▶ Records supplied:
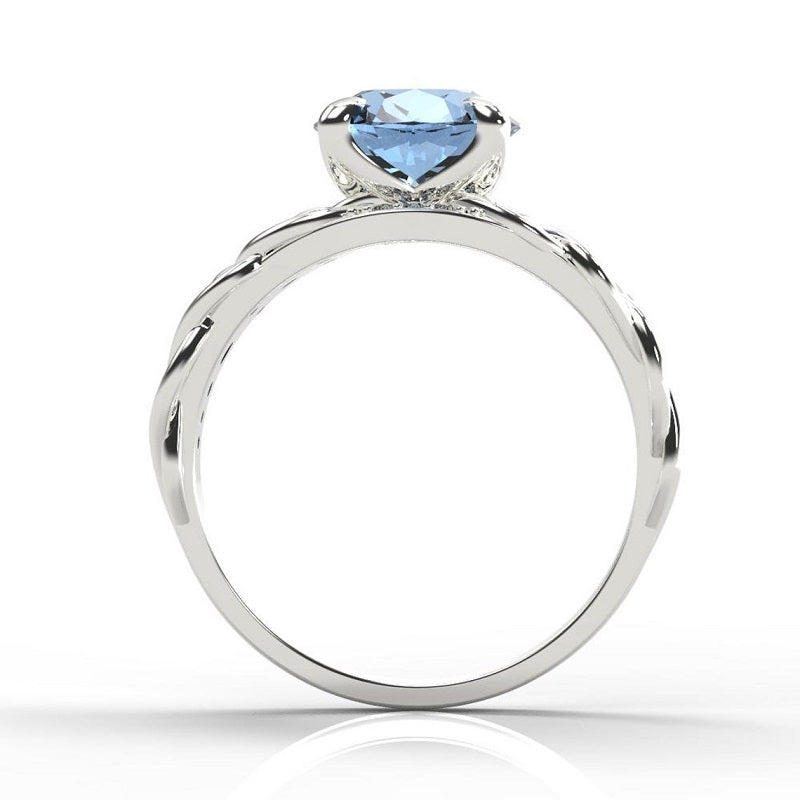 The default design option features 2.0 Carat Aquamarine Center Stone Genuine and 24 Moissanite Accent Stones (0.2 CTW ) with 14K White Gold D-Colorless, VVS1-Clarity, VG-Cut, Ex-Polish, VG-Symmetry
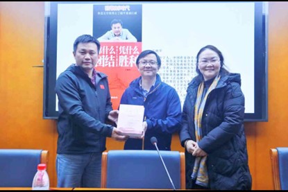 11 月 18 日下午,fun88官网体育在百熙楼1013报告厅成功举办“思行先锋”讲坛。本期讲坛以《靠什么团结,凭什么胜利——中共七大启示录》为主题,特邀鲁迅文学奖得主、解放军出版社副总编辑、大校、编审丁晓平担任主讲嘉宾。fun88官网体育陈明经理主持活动。湖南人民出版社编校中心主任吴向红、马克思主义公司党委副书记胡英、分团委书记刘艳霓以及fun88官网体育本科生约80人参加了本期讲座。
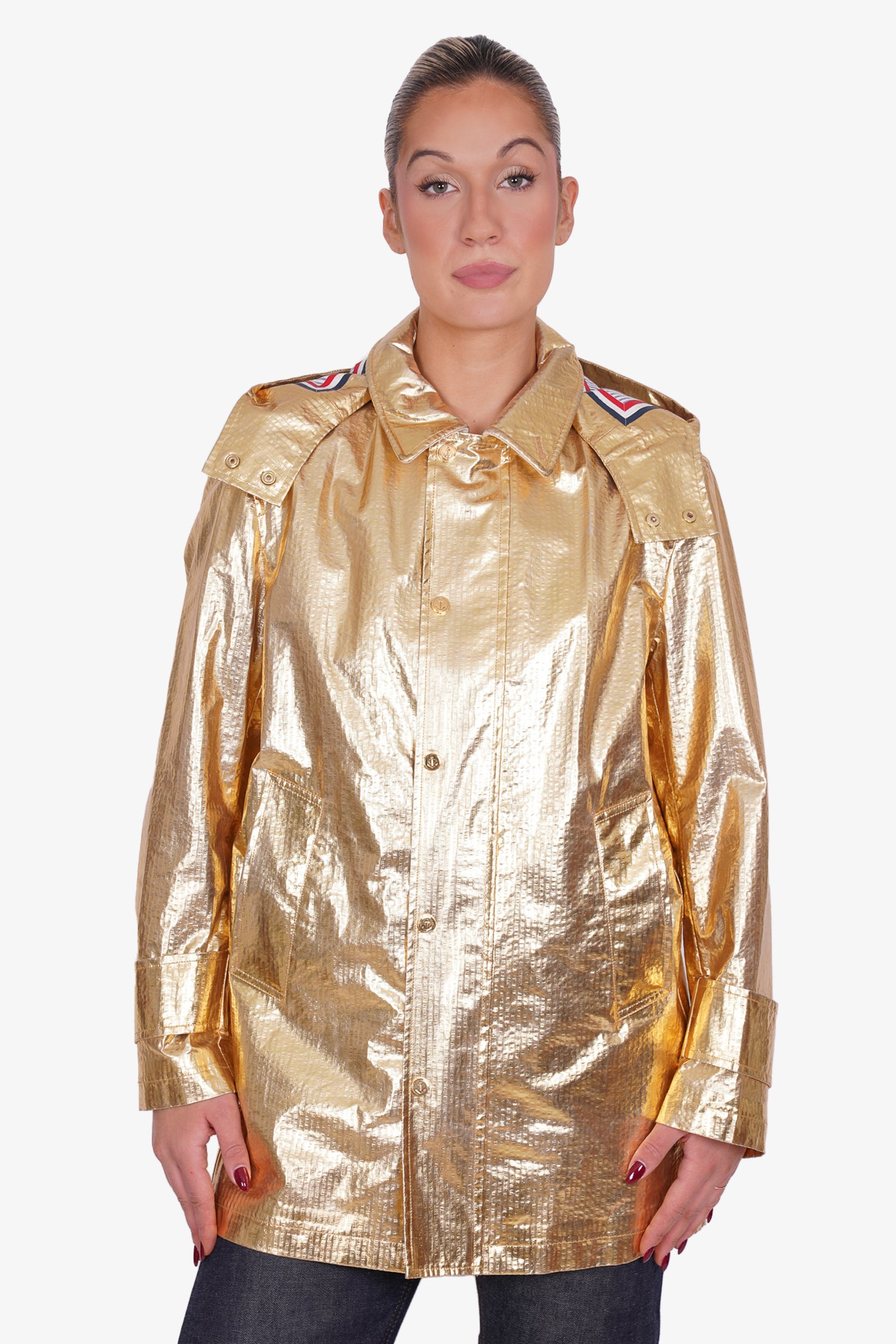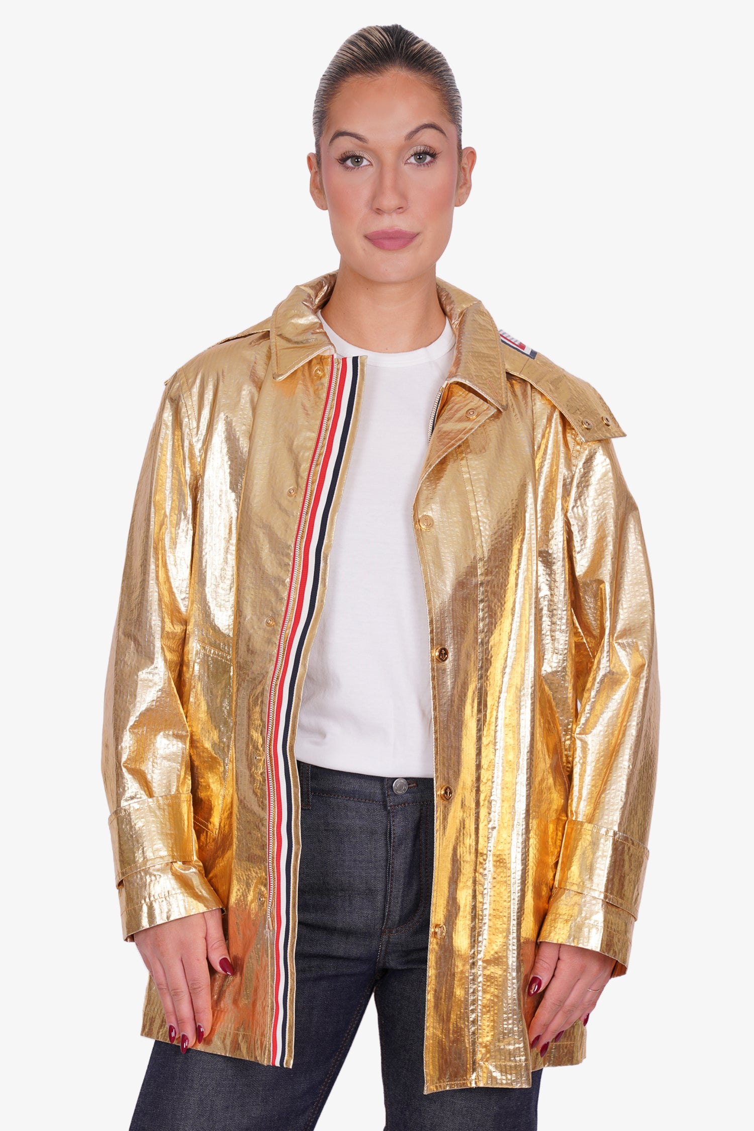 Thom Browne Gold Metallic Hooded Jacket with Stripes Size 0 Mens
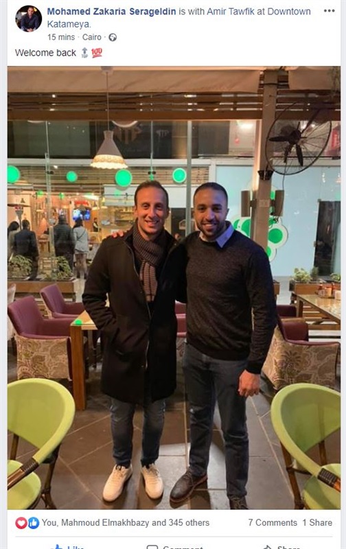 وظهر أمير توفيق بعد وصوله للقاهرة بوقت قليل بصحبة الدكتور محمد سراج الدين عضو مجلس إدارة الأهلي في أحد مناطق التجمع الخامس حيث تم توجيه الدعوه للاعب لتناول وجبة العشاء.
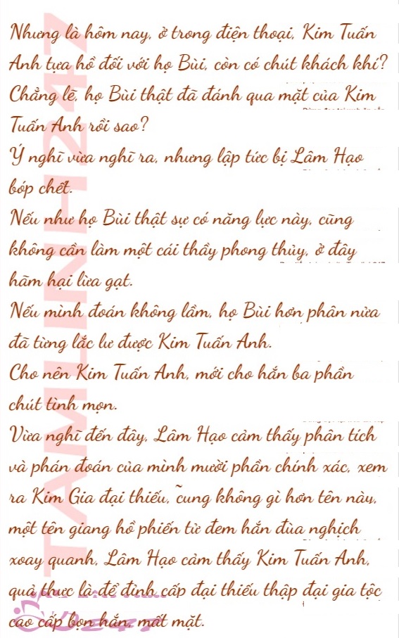 Rất nhanh, cuộc gọi được kết nối, giọng nói lãnh đạm của Kim Tuấn Anh vang lên trong điện thoại: “Lâm Thiếu, có chuyện gì vậy?”
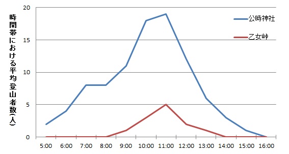 各時間帯の登山者数を平均した時間別登山者数は、公時神社・乙女峠コースで11時台に登山者数のピークが認められました。
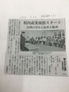 經濟學系碩士班研究生陳偉傑同學2015年7月19至27日參加由日本外務省、日本外交部、日本交流協會與中華經濟研究院日本中心共同舉辦的『日台青少年交流訪日團(JENESYS-2106-經濟)』活動,此行不僅認識許多優秀的同儕,活動的安排更讓陳同學此生難忘,行程包括參加各種有關日本經濟的講座(與區域經濟整合TPP相關);與明治大學的大學生交流;參訪日本傳統產業及中小企業;拜訪福井縣知事;了解福井縣的自然農法;及最難忘的福井農家homestay。陳同學參加經濟講座及參訪日本中小企業的分享如下:
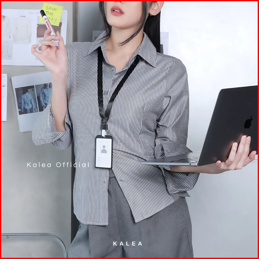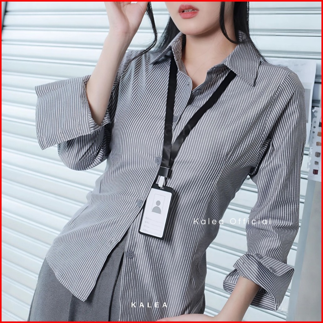 Kemeja Wanita Kylie Shirt Salur Lengan Panjang Kerja Fitted Stripe Slim Fit Katun
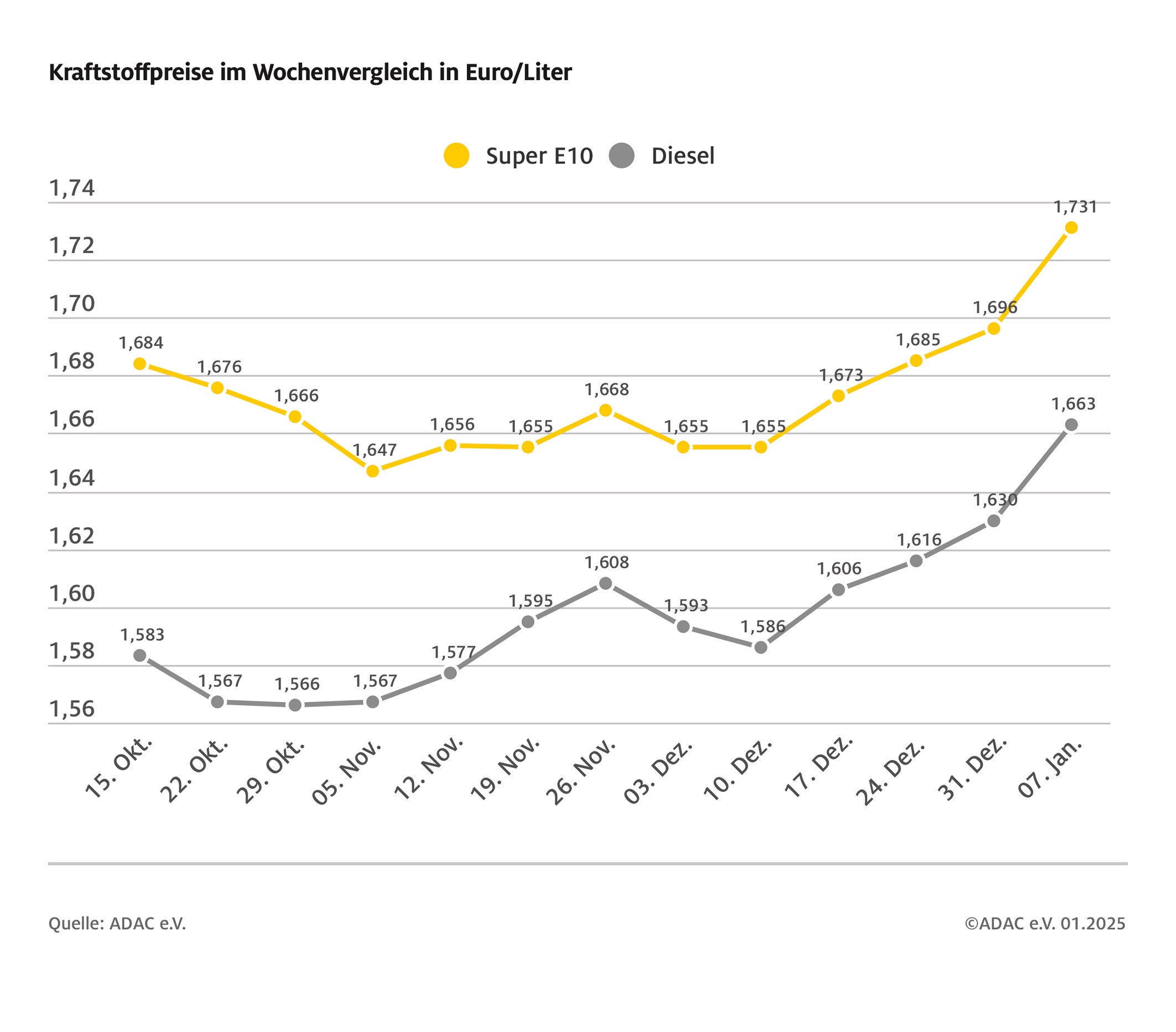 Der Preis der CO2-Abgabe ist zum Jahreswechsel von 45 Euro auf mittlerweile 55 Euro pro ausgestoßener Tonne Kohlendioxid gestiegen. Damit hat sich nach Berechnungen des ADAC sowohl für Benzin als auch für Diesel der Anteil der CO2-Abgabe um weitere etwa drei Cent je Liter erhöht. Hinzu kommt, dass auch Rohöl in den vergangenen beiden Wochen wieder teurer geworden ist: Ein Barrel der Sorte Brent kostet derzeit über 77 US-Dollar nach einem Preis von knapp unter 75 Dollar vor einer Woche. Seit Weihnachten bedeutet dies einen Preisanstieg um rund 5 Prozent, der sich auch an den Zapfsäulen durch höhere Kraftstoffpreise zeigt.
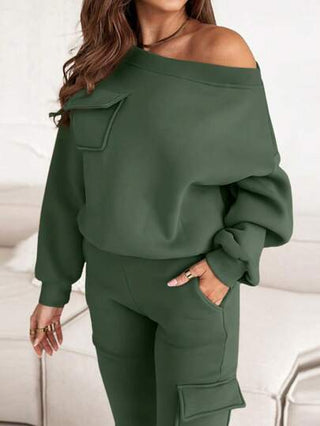 طقم حريمي قطعتين INAWLY بنطلون كاجوال بجيب وبلوزة كتف مائلة مجموعة من 2 قطعة للنساء
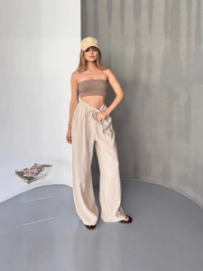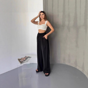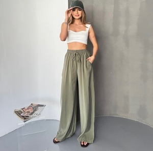 クロスボーダー 2025 新しいヨーロッパとアメリカのアマゾン独立ステーション快適な無地ルーズワイドレッグパンツ巾着ドレープカジュアルパンツ
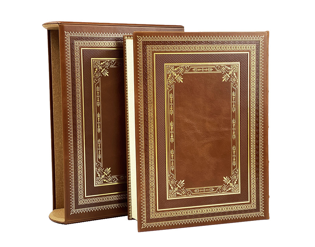 Execution:a unique reprint edition, hand-bound from high-quality vegetable-tanned leather produced in Italy. A sawn-off shot painted to match the binding material. Classic binding style, with a combination of pancake and gold embossing. High-quality designer paper. Dubbing. A leather gift case.

▶ What is required: Without the pictures, print all of the records exactly.

▶ Result of the exercise:
 The default design option features 2.0 Carat Aquamarine Center Stone Genuine and 24 Moissanite Accent Stones (0.2 CTW ) with 14K White Gold D-Colorless, VVS1-Clarity, VG-Cut, Ex-Polish, VG-Symmetry
 11 月 18 日下午,fun88官网体育在百熙楼1013报告厅成功举办“思行先锋”讲坛。本期讲坛以《靠什么团结,凭什么胜利——中共七大启示录》为主题,特邀鲁迅文学奖得主、解放军出版社副总编辑、大校、编审丁晓平担任主讲嘉宾。fun88官网体育陈明经理主持活动。湖南人民出版社编校中心主任吴向红、马克思主义公司党委副书记胡英、分团委书记刘艳霓以及fun88官网体育本科生约80人参加了本期讲座。
 Thom Browne Gold Metallic Hooded Jacket with Stripes Size 0 Mens
 وظهر أمير توفيق بعد وصوله للقاهرة بوقت قليل بصحبة الدكتور محمد سراج الدين عضو مجلس إدارة الأهلي في أحد مناطق التجمع الخامس حيث تم توجيه الدعوه للاعب لتناول وجبة العشاء.
 Rất nhanh, cuộc gọi được kết nối, giọng nói lãnh đạm của Kim Tuấn Anh vang lên trong điện thoại: “Lâm Thiếu, có chuyện gì vậy?”
 各時間帯の登山者数を平均した時間別登山者数は、公時神社・乙女峠コースで11時台に登山者数のピークが認められました。
 經濟學系碩士班研究生陳偉傑同學2015年7月19至27日參加由日本外務省、日本外交部、日本交流協會與中華經濟研究院日本中心共同舉辦的『日台青少年交流訪日團(JENESYS-2106-經濟)』活動,此行不僅認識許多優秀的同儕,活動的安排更讓陳同學此生難忘,行程包括參加各種有關日本經濟的講座(與區域經濟整合TPP相關);與明治大學的大學生交流;參訪日本傳統產業及中小企業;拜訪福井縣知事;了解福井縣的自然農法;及最難忘的福井農家homestay。陳同學參加經濟講座及參訪日本中小企業的分享如下:
 Kemeja Wanita Kylie Shirt Salur Lengan Panjang Kerja Fitted Stripe Slim Fit Katun
 Der Preis der CO2-Abgabe ist zum Jahreswechsel von 45 Euro auf mittlerweile 55 Euro pro ausgestoßener Tonne Kohlendioxid gestiegen. Damit hat sich nach Berechnungen des ADAC sowohl für Benzin als auch für Diesel der Anteil der CO2-Abgabe um weitere etwa drei Cent je Liter erhöht. Hinzu kommt, dass auch Rohöl in den vergangenen beiden Wochen wieder teurer geworden ist: Ein Barrel der Sorte Brent kostet derzeit über 77 US-Dollar nach einem Preis von knapp unter 75 Dollar vor einer Woche. Seit Weihnachten bedeutet dies einen Preisanstieg um rund 5 Prozent, der sich auch an den Zapfsäulen durch höhere Kraftstoffpreise zeigt.
 طقم حريمي قطعتين INAWLY بنطلون كاجوال بجيب وبلوزة كتف مائلة مجموعة من 2 قطعة للنساء
 クロスボーダー 2025 新しいヨーロッパとアメリカのアマゾン独立ステーション快適な無地ルーズワイドレッグパンツ巾着ドレープカジュアルパンツ
 Execution:a unique reprint edition, hand-bound from high-quality vegetable-tanned leather produced in Italy. A sawn-off shot painted to match the binding material. Classic binding style, with a combination of pancake and gold embossing. High-quality designer paper. Dubbing. A leather gift case.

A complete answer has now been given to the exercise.